[Work task]: Reproduce word for word the line holding "Balde retangular 3." and all lines after it in the data, through the end, leaving out pictures.

[Collected material]:
----

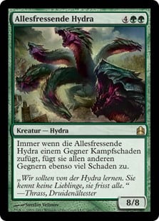 | Rules | Whenever Hydra Omnivore deals combat damage to an opponent, it deals that much damage to each other opponent. |
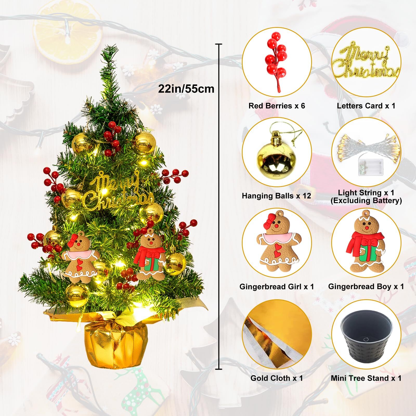 Small Mini Christmas Tree 22 Inch with Light,Tabletop Miniature Pine Christmas Tree with Hanging Ornaments, Battery Operated Artificial Xmas Tree, DIY Christmas Holiday Party Decorations 【Package Includes】-The Xmas Tabletop Tree's size is 22 Inch, containing xmas tree*1,red berries*6,letters card*1,hanging balls*12,light string(Excluding Battery)*1,gingerbread man*2, gold cloth*1,mini tree stand*1. 【Perfect Christmas Choice】- This Xmas Table top tree will give you a wonderful festive memory. it will be the one christmas decoration. It is also awesome gift for your friends, family . 【Versatile centerpiece decor】- Perfect as a table centerpiece or decorative addition to a nightstand, countertop, side table, or office desk due to its compact design. Experience the spirit of the holidays in your home with this lovely tabletop Christmas tree. 【LED Lights Battery Oprated】 - There is a light string, and is warm white ,the light string is 2 meters.Operated by 3 AA batteries(included). 【service】 - The Mini Christmas Tree you receive have been transported for a long distance, so you need to manually arrange the branches and ornaments.If there is any damage, or you are just satisfied.Please us. 1 Shipping We offer FREE shipping on all orders! We ship within Three business days of payment, usually sooner. We use a selection of shipping services such as UPS, FedEx, USPS etc., unable to choose a carrier. We only ship to the lower 48 states, no APO/FPO addresses or PO Boxes allowed. Sellers generally can’t change the shipping address that you provided at checkout. Local pickups and combined shipping options are not provided at this time. International buyers - please note: Import duties, taxes, and charges aren't included in the item price or postage cost. These charges are the buyer's responsibility. Return You can return a product for up to 30 days from the date you bought it by using the seller's FREE RETURN LABEL only. Any product you return must be in the same condition you received it and in the original packaging. International buyers - Rejection and return of the product requires the buyer to pay all shipping and return costs. Please return with the reason "Order mistake" or "Changed my mind" or "Does not fit" for a refund, which would be greatly appreciated. If the buyer wishes to return the items for a refund or replacement, please contact the seller to obtain a free return label. The refund or replacement will be processed using the tracking number of the return label, which will be provided solely by the seller. Other methods of return that have not been approved by the seller will not be processed for a refund or replacement. Payment We accept payment by any of the following methods: eBay Manage Payment Please pay as soon as possible after winning an auction, as that will allow us to post your item to you sooner! Feedback Customer satisfaction is very important to us. If you have any problem with your order, please contact us and we will do our best to make you satisfied. Please be aware that our products are stored and fulfilled by third-party warehouses and manufacturers across the United States (also known as third-party fulfillment or product sourcing). These companies are completely trustworthy, and we are confident in entrusting all of our valuable items to them for the safety and best delivery system for our store. Contact Us If you have any queries, please contact us via ebay. We usually respond within 24 hours on weekdays. Please visit our eBay store to check out other items for sale! Thank you for shopping at our store.
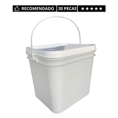 Balde retangular 3. 6 litros com tampa lacre de segurança 100% bpa free - 30 peças
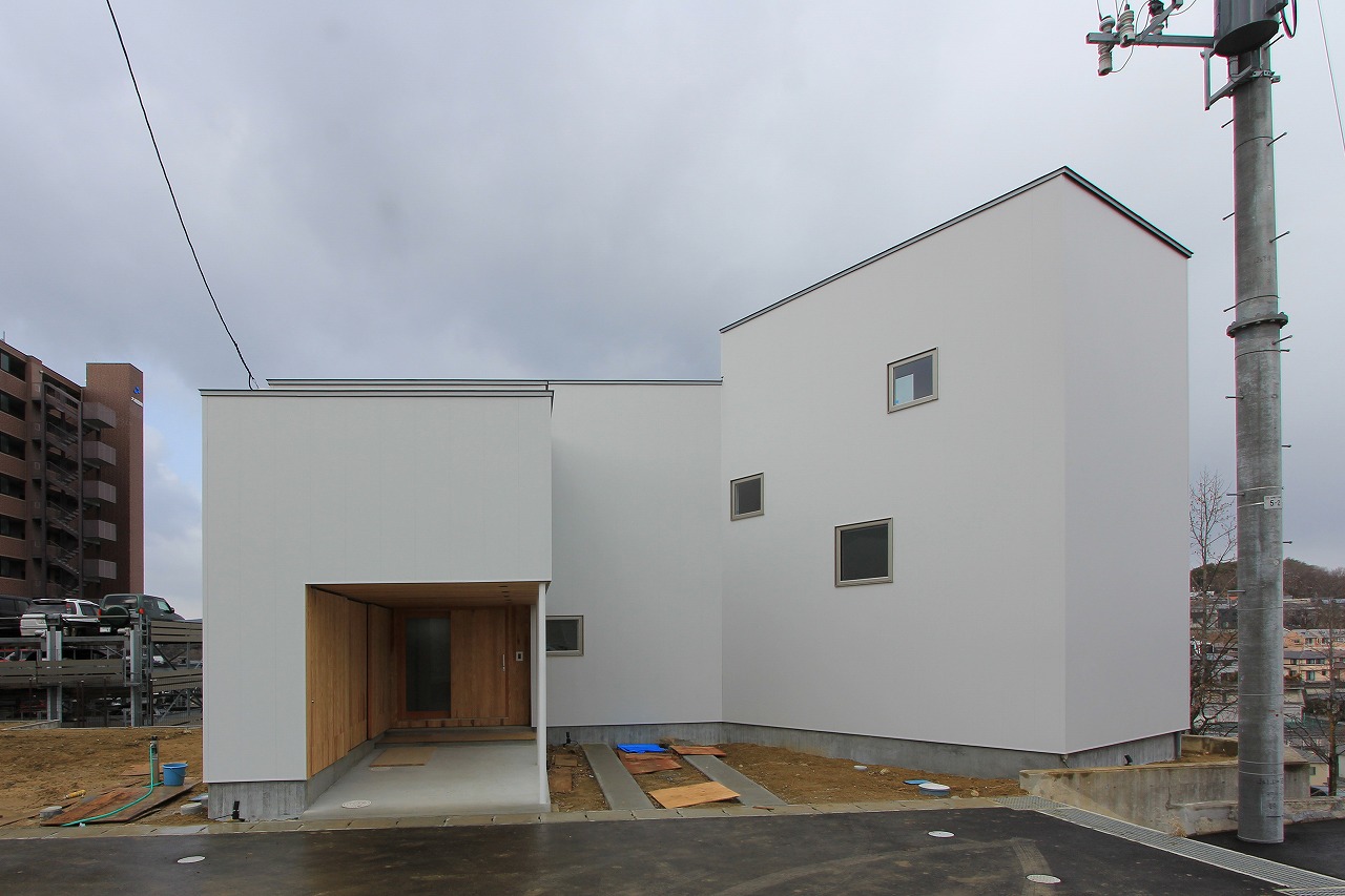 街区の北側に位置している「Curve」。文字通り敷地形状に合わせてカーブしています。魅力は北側の借景です。晴れた日には泉ヶ岳を望むことができます。平面的にカーブしつつ南採光を得るためにスキップフロアを採用しました。北側に向かって段々と高さが大きくなります。平面的なカーブと高さ方向の凹凸によって特徴のある外観となり、安定した採光と眺望を同時に得ることができました。

----

[Answer to this task]:
 Balde retangular 3. 6 litros com tampa lacre de segurança 100% bpa free - 30 peças
 街区の北側に位置している「Curve」。文字通り敷地形状に合わせてカーブしています。魅力は北側の借景です。晴れた日には泉ヶ岳を望むことができます。平面的にカーブしつつ南採光を得るためにスキップフロアを採用しました。北側に向かって段々と高さが大きくなります。平面的なカーブと高さ方向の凹凸によって特徴のある外観となり、安定した採光と眺望を同時に得ることができました。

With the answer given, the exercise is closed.